Als niedergelassener Vertragsarzt gelten strengere Fortbildungspflichten als in der Klinik. Die KV verknüpft die Vergütung direkt mit dem Nachweis der Fortbildung, weshalb ein frühzeitiger Überblick über die Anforderungen wichtig ist.
Das Wichtigste in Kürze
- Vertragsärzte müssen der KV alle fünf Jahre 250 CME-Punkte nachweisen
- Wer den Nachweis nicht erbringt, muss mit Honorarkürzungen von zunächst zehn Prozent rechnen
- Fortbildungskosten sind steuerlich als Betriebsausgaben voll abzugsfähig
Fortbildungspflicht in der Phase Niederlassungsstart
Für Vertragsärzte, die an der vertragsärztlichen Versorgung teilnehmen, ist die Fortbildungspflicht im SGB V (§ 95d) geregelt. Alle fünf Jahre müssen 250 zertifizierte CME-Punkte nachgewiesen werden. Die Punkte werden durch die zuständige Ärztekammer ausgestellt und müssen der KV gemeldet werden. Wer den Nachweis nicht rechtzeitig erbringt, riskiert zunächst eine Honorarkürzung von zehn Prozent, die sich bei weiterem Versäumnis auf 25 Prozent erhöhen kann.

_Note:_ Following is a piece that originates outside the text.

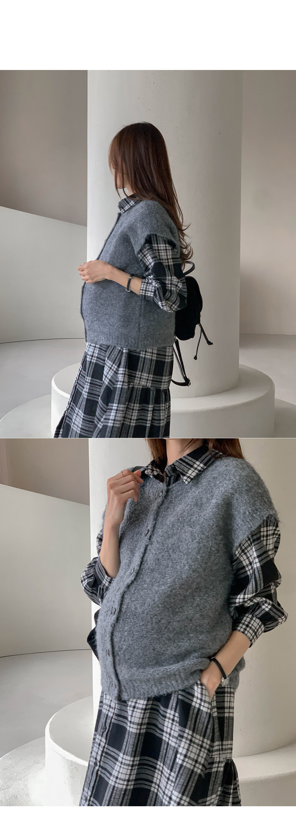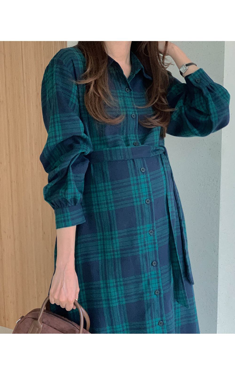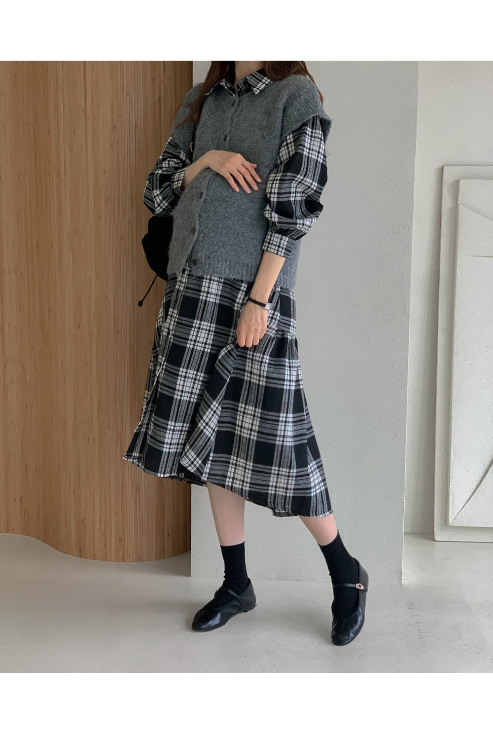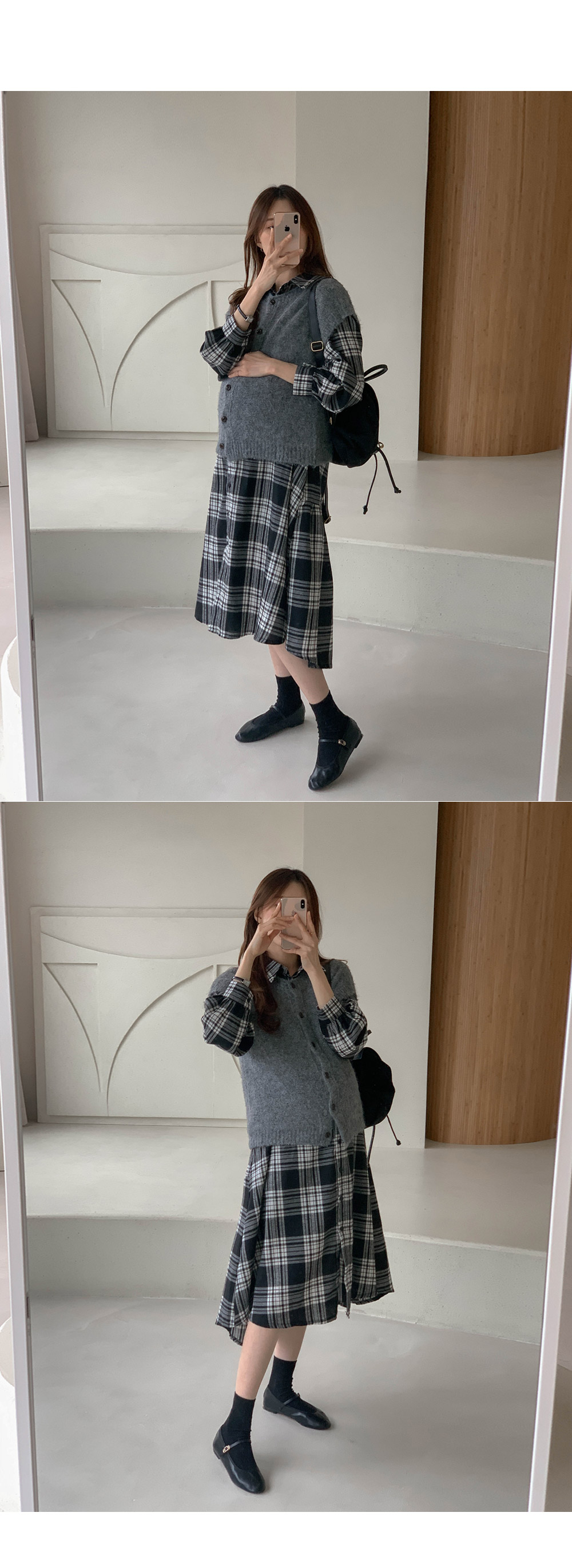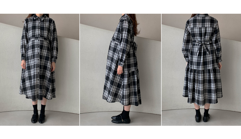 Maternity*Moren Check Shirt Dress (Fleece Peach))

Als Niedergelassener hat man gegenüber klinisch tätigen Ärzten einen Vorteil: Die Fortbildung kann flexibel geplant werden, da kein fester Dienstplan die Teilnahme einschränkt. Gleichzeitig entfällt die Unterstützung durch den Arbeitgeber bei der Finanzierung und Organisation von Fortbildungen. Kosten für Kongresse, Kurse und Seminare sind nun vollständig als Betriebsausgabe in der Praxis absetzbar.
Die Vielfalt der Fortbildungsformate hat sich durch die Digitalisierung erhöht: Online-Fortbildungen, E-Learning-Module und Webinare werden von den meisten Ärztekammern anerkannt und ermöglichen die Sammlung von CME-Punkten ohne Reiseaufwand.
Worauf Ärzte zum Niederlassungsstart besonders achten sollten
Wer gerade eine neue Praxis aufbaut, hat wenig Zeit für Fortbildungen. Trotzdem muss die Fortbildungspflicht von Anfang an geplant werden. Ärzteversichert empfiehlt, ein jährliches Fortbildungsbudget von 2.000 bis 5.000 Euro einzuplanen und die Teilnahme an mindestens einem größeren Kongress jährlich als festen Bestandteil der Praxisplanung zu etablieren.
Typische Fehler in dieser Karrierephase
Ein häufiger Fehler ist das Aufscheben der Fortbildung auf die letzten Monate des Fünfjahreszeitraums. Wer 200 Punkte in den letzten sechs Monaten sammeln möchte, steht unter erheblichem Druck und kann die Qualität der Fortbildung nicht angemessen auswählen.
Ebenfalls problematisch: das Belegen von Fortbildungen ohne CME-Anerkennung. Nicht jede medizinische Veranstaltung ist zertifiziert. Vor der Buchung sollte immer die Zertifizierungsnummer geprüft werden.
Fazit
Die Fortbildungspflicht zum Niederlassungsstart von Anfang an zu planen sichert die Vergütung und die fachliche Qualität. Weitere Artikel finden Sie in der Blog-Übersicht.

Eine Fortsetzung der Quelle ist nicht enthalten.